Isolated congenital asplenia (ICA) is the only known human developmental defect exclusively affecting a lymphoid organ. In 2013, we showed that private deleterious mutations in the protein-coding region of RPSA, encoding ribosomal protein SA, caused ICA by haploinsufficiency with complete penetrance. We reported seven heterozygous protein-coding mutations in 8 of the 23 kindreds studied, including 6 of the 8 multiplex kindreds. We have since enrolled 33 new kindreds, 5 of which are multiplex. We describe here 11 new heterozygous ICA-causing RPSA protein-coding mutations, and the first two mutations in the 5'-UTR of this gene, which disrupt mRNA splicing. Overall, 40 of the 73 ICA patients (55%) and 23 of the 56 kindreds (41%) carry mutations located in translated or untranslated exons of RPSA. Eleven of the 43 kindreds affected by sporadic disease (26%) carry RPSA mutations, whereas 12 of the 13 multiplex kindreds (92%) carry RPSA mutations. We also report that 6 of 18 (33%) protein-coding mutations and the two (100%) 5'-UTR mutations display incomplete penetrance. Three mutations were identified in two independent kindreds, due to a hotspot or a founder effect. Finally, RPSA ICA-causing mutations were demonstrated to be de novo in 7 of the 23 probands.

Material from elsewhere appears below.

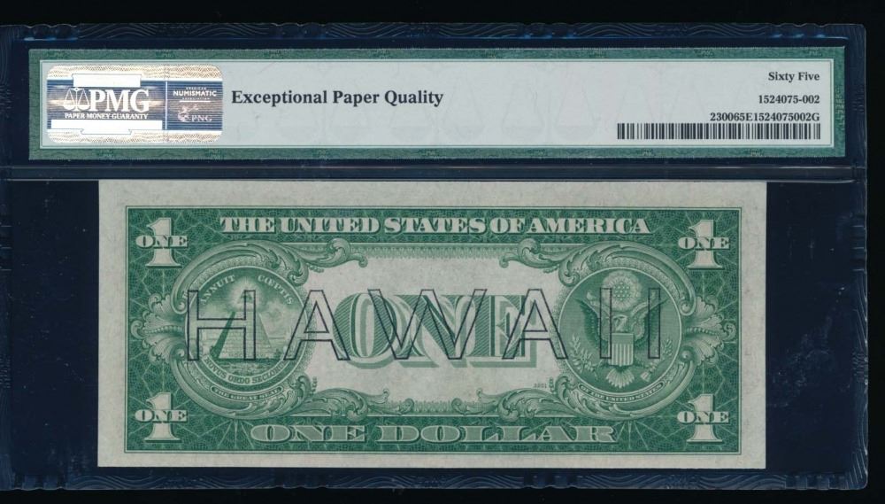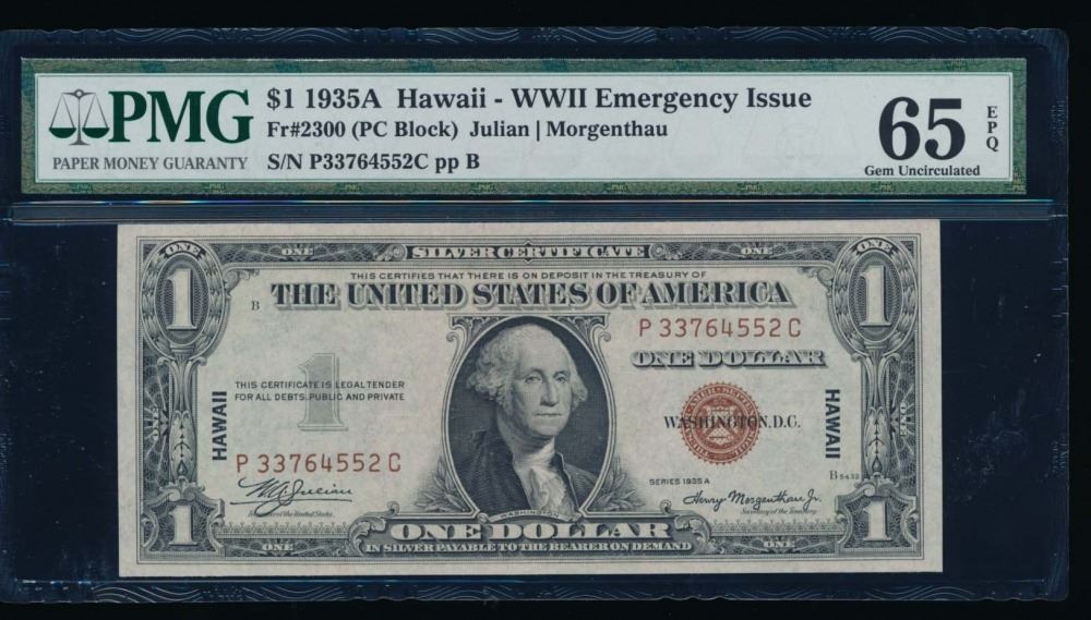 One 1935A $1 Hawaii Silver Certificate PMG 65EPQ.
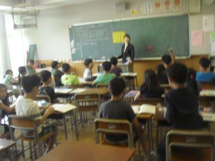 今日の2校時、算数少人数指導の八木橋教諭は、初任者研修の一環として研究授業を行いました。3年生の算数『わり算』の単元で、「80÷4」の計算の仕方について、考え方を発表する授業でした。今日の課題からめあてを確認し、子どもたちの考えをじっくり引き出して、発表まで落ち着いて授業を展開することができました。子どもたちも一生懸命に授業に臨む姿が見られ、活気のある1時間になりました。授業後の協議会では、参観した先生方から指導をいただき、激励やお褒めの言葉もいただきました。今後も学校全体で、八木橋教諭をサポートしていきたいと思います。

Mutations in RPSA exons can affect the translated or untranslated regions and can underlie ICA with complete or incomplete penetrance.

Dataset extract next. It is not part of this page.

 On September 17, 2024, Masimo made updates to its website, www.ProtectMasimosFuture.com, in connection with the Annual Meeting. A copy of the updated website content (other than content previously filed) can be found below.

Keywords: RPSA; incomplete penetrance; isolated congenital asplenia; ribosomopathy; spleen.

Conflict of interest statement

Conflict of interest statement: A.B. works at Helix.

Figures

Fig. 1.
Fig. 1.
Overview of the 23 ICA kindreds in our cohort who carry mutations in RPSA. (A) Eight kindreds were reported in our initial publication: All had nonsynonymous and fully penetrant mutations for ICA. (B and C) Twelve newly recruited kindreds had novel nonsynonymous mutations, displaying complete (B) or incomplete penetrance (C) for ICA. (D) Three ICA kindreds with mutations in the 5′-UTR of RPSA. (E) Schematic view of all of the ICA-causing mutations in RPSA. Mutations reported in our initial study are indicated above the gene schema. New mutations identified and reported in this study are indicated underneath the gene schema. Alternate white and gray color indicates the seven different exons from the canonical transcript of the gene (ENST00000301821).
Fig. 2.
Fig. 2.
Several mutations in RPSA display incomplete penetrance for ICA. (A) Comparative CADD score between RPSA coding-mutations leading to complete or incomplete penetrance. (B) Structure of the human small ribosomal subunit (PDB ID code 6EK0). The 18S ribosomal RNA is colored in gray, ribosomal proteins are colored in light blue, and RPSA is highlighted in green. (CE) Detailed view of RPSA with colored spheres highlighting RPSA missense mutations leading to complete (red spheres) or incomplete (orange spheres) penetrance. Each amino acid found mutated in the ICA cohort is indicated based on human RPSA.
Fig. 3.
Fig. 3.
Impact of the two 5′-UTR mutations on RPSA mRNA structure. The two 5′-UTR mutations identified in ICA patients impair the splicing of intron 1 and lead to an intron retention of 70 or 67 bp at the end exon 1. (A) Sashimi plots of RNAseq results for ICA-AO (c.-39_-34+3del), ICA-G (c.-34+5G>C), and ICA-H (variant c.-47C>T). In ICA-AO and ICA-G the mutations lead to a 67- or 70-bp intronic retention, respectively (red), whereas variant c.-47C>T does not impact mRNA structure (ICA-H). (B) Quantification of the allelic ratio. About half of the transcripts show the splicing defect in ICA-AO and ICA-G patients.